I am beginning to discover something that Beth Moreno emphasizes to her students: Sensible people need not one but several reading speeds. It would be insane to plow through Moby Dick at the same rate as a Business Week story, and most of us couldn’t do it anyway. True speed-reading is ideal for basic informational text (like this, so get moving!). The key is making sensible judgments. When presented with a prenuptial agreement, for instance, go ahead and sub-vocalize.

Moreno says she normally cruises at 450 wpm, which is where I seem to plateau. It’s a big improvement, but I’m frustrated. I want to read whole books in a couple of hours. So I try the program’s feature that lets you set a words-per-minute rate and displays the words accordingly.

Setting the software at 450 wpm, I read a passage on workplace sabbaticals at 93 percent comprehension. I read a passage about the Edsel at 500/87. Then a passage about gymnast Mary Lou Retton at 550/87, one on Amelia Earhart at 600/93, and one from The Legend of Sleepy Hollow at 650 but a mere 81 percent comprehension. At this point I decide to stay away from literature; these novelists seem to think we’ve got all the time in the world.

Sticking with a healthy 600 wpm (double my baseline speed), I comprehend 81 percent on extreme skiing and 87 percent on John Wayne. I finish John F. Kennedy’s address to the U.N. General Assembly at 100 percent, which is something, but I find myself intellectually winded. There are connections not being made here, a lack of appreciation for the shape of his rhetoric. But I swallow some more straightforward journalism at 600 wpm with good comprehension, and now I’m getting cocky.

I plug in 1,000 wpm and, to my astonishment, “read” a passage on the re-release of Star Wars at 81 percent comprehension. I get through another, about creativity, at 1,050 and 93, which is even more remarkable. When I dial back to 1,000 wpm, hoping for better comprehension, I stumble: a passage on Babe Didrikson results in just 68 percent. “Don’t worry about a temporary lag in your comprehension scores,” Speed Reader consoles me. “They will soon catch up to your new reading speeds.”

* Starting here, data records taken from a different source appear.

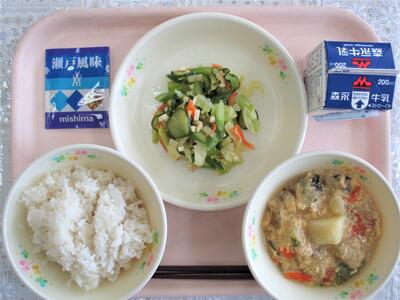 イカのネギ焼き、けんちん汁、磯か和え、梅ご飯、牛乳
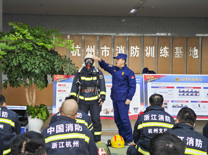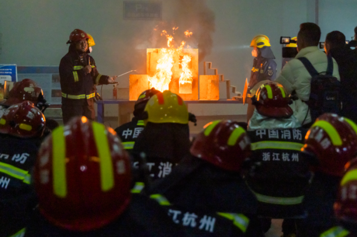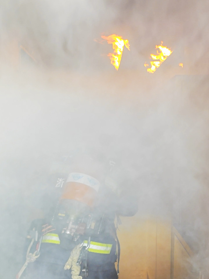 今天上午,杭州消防开展建筑火灾中真烟真火模拟场景训练,橙柿互动两位记者分别佩戴专业救援设备,体验了真烟真火逃生场景。
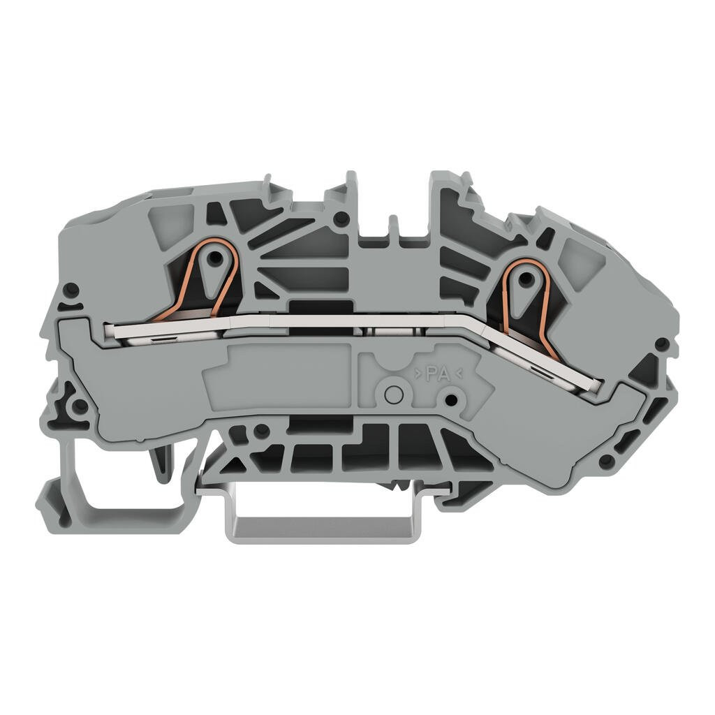Wago 2016-7601 2 vezetékes táp sorkapocs elosztó dobozokhoz; 16 mm²; oldalsó és középső jelölés; DIN 35 x 15 és DIN 35 x 7,5 sínhez; Push-in CAGE CLAMP®; 16,00 mm²; szürke

I don’t think so. Reading at 1,000 wpm is really educated skimming, and what’s more it’s unpleasant, although I suppose that with some materials, reading every word can be worse. Also, it’s very difficult to sustain without a lot of practice.

And I kept worrying that I was missing something. Moreno has a clever tip for this: Make a quick mark in the margin so you won’t feel a troublesome passage is gone forever, and then keep powering ahead. You can always go back later. Also, it’s OK to miss things. Moreno likes to give her students texts with various words blacked out to prove they can still get the gist.

I could practice and practice to keep up 600 or even 1,000 wpm, but I’m happy cruising through vanilla prose at a nice laid-back 400 wpm. I’ll chew on novels more slowly, I promise. As to Bloomsbury, nobody will read about it faster than me, because I won’t read about it at all.